*** Opening of Entries provided ***
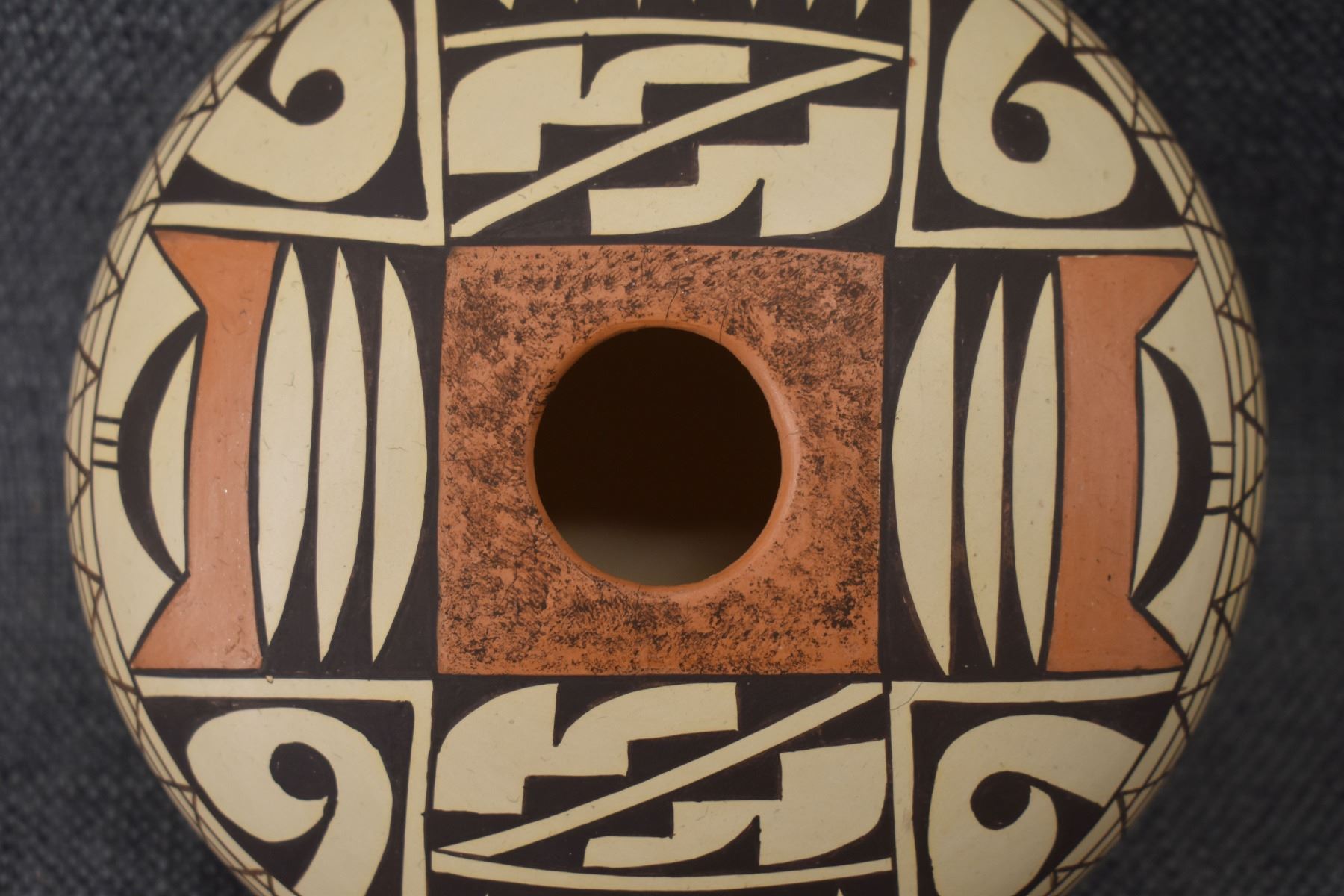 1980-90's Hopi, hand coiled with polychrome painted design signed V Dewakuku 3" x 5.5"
*** Close of Entries provided ***
*** Opening of Entries provided ***
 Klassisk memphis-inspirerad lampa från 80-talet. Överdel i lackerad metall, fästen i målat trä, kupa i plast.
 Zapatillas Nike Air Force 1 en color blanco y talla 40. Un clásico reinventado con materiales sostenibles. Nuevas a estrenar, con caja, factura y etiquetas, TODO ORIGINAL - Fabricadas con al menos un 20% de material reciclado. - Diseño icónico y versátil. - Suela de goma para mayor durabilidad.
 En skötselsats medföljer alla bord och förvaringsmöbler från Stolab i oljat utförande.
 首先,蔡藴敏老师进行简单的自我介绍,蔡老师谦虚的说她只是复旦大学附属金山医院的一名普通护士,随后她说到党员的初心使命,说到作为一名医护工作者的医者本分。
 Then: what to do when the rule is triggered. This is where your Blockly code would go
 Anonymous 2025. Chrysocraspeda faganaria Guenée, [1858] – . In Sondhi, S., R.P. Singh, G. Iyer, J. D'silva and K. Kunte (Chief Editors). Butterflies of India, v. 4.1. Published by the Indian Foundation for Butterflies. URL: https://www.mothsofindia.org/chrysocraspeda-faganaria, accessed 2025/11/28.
*** Close of Entries provided ***
### Assigned task:
Find the word "från" in the entries. Copy each line that holds it.

### Reply to the exercise:
 Klassisk memphis-inspirerad lampa från 80-talet. Överdel i lackerad metall, fästen i målat trä, kupa i plast.
 En skötselsats medföljer alla bord och förvaringsmöbler från Stolab i oljat utförande.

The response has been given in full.